目先のドル・円は、日米金利差拡大の思惑から底堅い推移が見込まれる。来週(20−24日)もFRB高官による発言機会が多く、引き続き金融引き締めに積極的な発言があれば、ドル・円をサポートしそうだ。
ただ、米国は週初20日がプレジデントデーの祝日、日本も23日が天皇誕生日で祝日となるため、日程的に手掛けにくい。週末24日には、次期日銀総裁候補の植田氏による所信聴取が予定されているほか、FRBがインフレ指標として重要視しているコアPCE(個人消費・支出)価格指数の発表があり、週後半にかけて様子見ムードも強まりやすい。
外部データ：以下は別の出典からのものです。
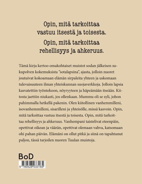 Tämä kirja kertoo omakohtaiset muistot sodan jälkeisen sukupolven kokemuksista ¿sotalapsinä, ajasta, jolloin nuoret joutuivat kokoamaan elämän sirpaleita yhteen ja uskomaan tulevaisuuteen ilman yhteiskunnan suojaverkkoja. Jolloin lapsia kasvatettiin työntekoon, nöyryyteen ja häpeämään itseään. Kiitosta jaettiin niukasti, jos ollenkaan. Mummu oli se syli, johon pahimmalla hetkellä pakenin. Olen kiitollinen vanhemmilleni, isovanhemmilleni, sisarilleni ja yhteisölle, missä kasvoin. Opin, mitä tarkoittaa vastuu itsestä ja toisesta. Opin, mitä tarkoittaa rehellisyys ja ahkeruus. Vanhempani taistelivat eteenpäin, opettivat oikean ja väärän, opettivat olemaan vahva, katsomaan ohi pahan päivän. Elämäni on ollut pitkä ja siinä on tapahtunut paljon, tässä tarjoilen vain nuoren Tuulan muistoja.

植田氏の所信聴取では金融政策転換の時期探る展開が予想される。市場で植田氏がタカ派かハト派かの評価は分かれているが、当面は政策金利を動かさず、YCC(イールド・カーブ・コントロール)の修正に着手するとの見方がある。
外交問題にも関心を払っておきたい。24日はロシアがウクライナへの侵攻を開始して1年となることから、攻勢を強めるようなことになれば地政学リスクが意識される。また、気球撃墜問題をめぐってバイデン米大統領が中国の習近平国家主席と電話会談する意向を示しており、米中関係にも注目だ。
ドル・円の上値メドは22年12月高値の138円20銭近辺、下値メドは13週移動平均線近辺の132円70銭近辺。